I think I had it once, years ago, as a child (well before MS). I was lying in bed, when there was what I took to be an enormous explosion. A flash came from what seemed to be outside - I was lying facing the curtains, at the time, and it seemed like they lit up.
I was very scared, and immediately wide awake, and expected there to be some evidence of the huge blast, or at least that there was a thunderstorm or something. But when I was upset and asked my parents what it was, they didn’t know about any “loud bang”.
I never found out what it was, and it never happened again. I had to accept it as some sort half sleeping, half waking dream. Years later, as an adult, I read about Exploding Head Syndrome, and thought: “Yup, that sounds like it!”. I was surprised to find it’s not that rare, but we still don’t really know what causes it. Nothing really is exploding, though - it’s not part of the brain self-destructing.
Tina
x
Hi Bambi, I started getting this a few years back and did some google research. I found a neurological condition called ‘Exploding Head Syndrome’!!!
Yep I know it sounds like a joke but it happens to be true! Google it and see.
It is apparently harmless & although it might be our MS that has caused it, it isn’t particularly linked to MS.
I mentioned it once to neuro who just gave me a strange look and didn’t comment (wonderful social skills as per usual!)… but at least you’ll now have a name for it.
Pat x
Tina and I posted at same time… so you see 2 people who know about this strange syndrome!!!
Haha, great minds, Pat.
T.
x
Thank you all was starting to think I was going mad. Just another to add to my list of ailments, and I’ll google it and see what it’s all about. Thanks xx
Hi what a strange title for something.
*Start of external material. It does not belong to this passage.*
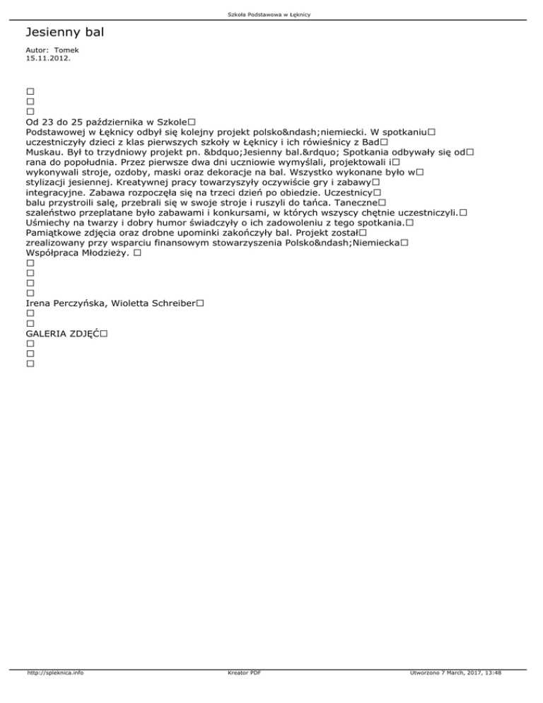 Jesienny bal - Szkoła Podstawowa w Łęknicy
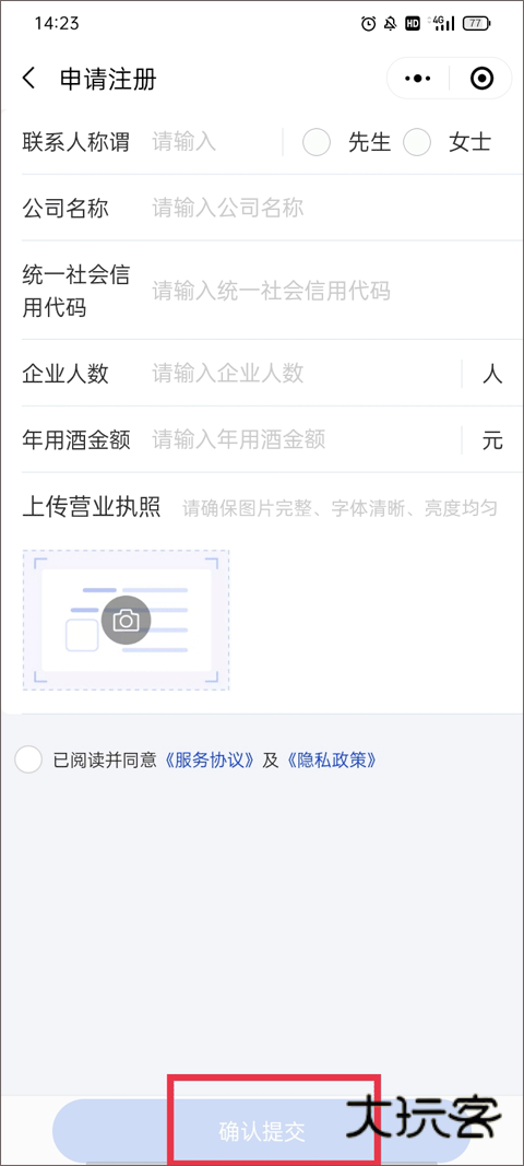 5、填写申请注册表,就是输入具体的企业信息:联系人称谓、公司名称、统一社会信用代码、企业人数,上传营业执照等,最后点击确认提交就可以了。

I think I`ve heard something similar on odd occassions.
Now if I tell my hubby it has a name like Exploding Head Syndrome
, Im sure he
ll think I`ve really lost it!
luv Pollx
Poll Rang my husband this afternoon and he couldn’t stop laughing at me I told him to google it which he did. He’s just emailed me to say when he’s next home he’s moving into the garage dosen’t want to run the risk of me waking him evertime it happens!! Lol think he was joking (i hope he was anyway) xx
Val I have an appt nex wed with my neuro I’m going to mention it to her and see what she says. Oh and it is called exploding head syndrome I’d never heard of it! It’s the strangest thing ever when it happens and I’m starting to wonder if that’s what’s waking me in the middle of the night, that & the leg pain. The joys eh xx
Tina, I was astonished to see someone I knew referring to this strange phenomenon. I know a bit about it because my mother suffered from it about 15 years ago. The doctor had nothing to offer except to say (just as you do) that it was nothing to worry about, but that was not how it felt to her, being regularly woken by what felt like a pistol shot, or an explosion, in her skull. I searched on the internet and found stuff about ‘exploding head syndrome’ and she was enormously reassured to find that she was not the only person in the world to suffer from it!
Bambi, I am glad to say that it stopped happening for my mum, or stopped being a sleep-disrupting nuisance, anyway. Occasionally she would get a hint of it, but after a few months, the alarming and violent noises stopped and never recurred. I hope that you find the same.
Alison
Absolutely astonished to discover that my husband, who I have known for nearly 32 years, also has this!
My, “You’ll never believe this - there’s a thing called exploding head syndrome…” revealed something he’d never told me in all that time - he’s had it for as long as he can remember!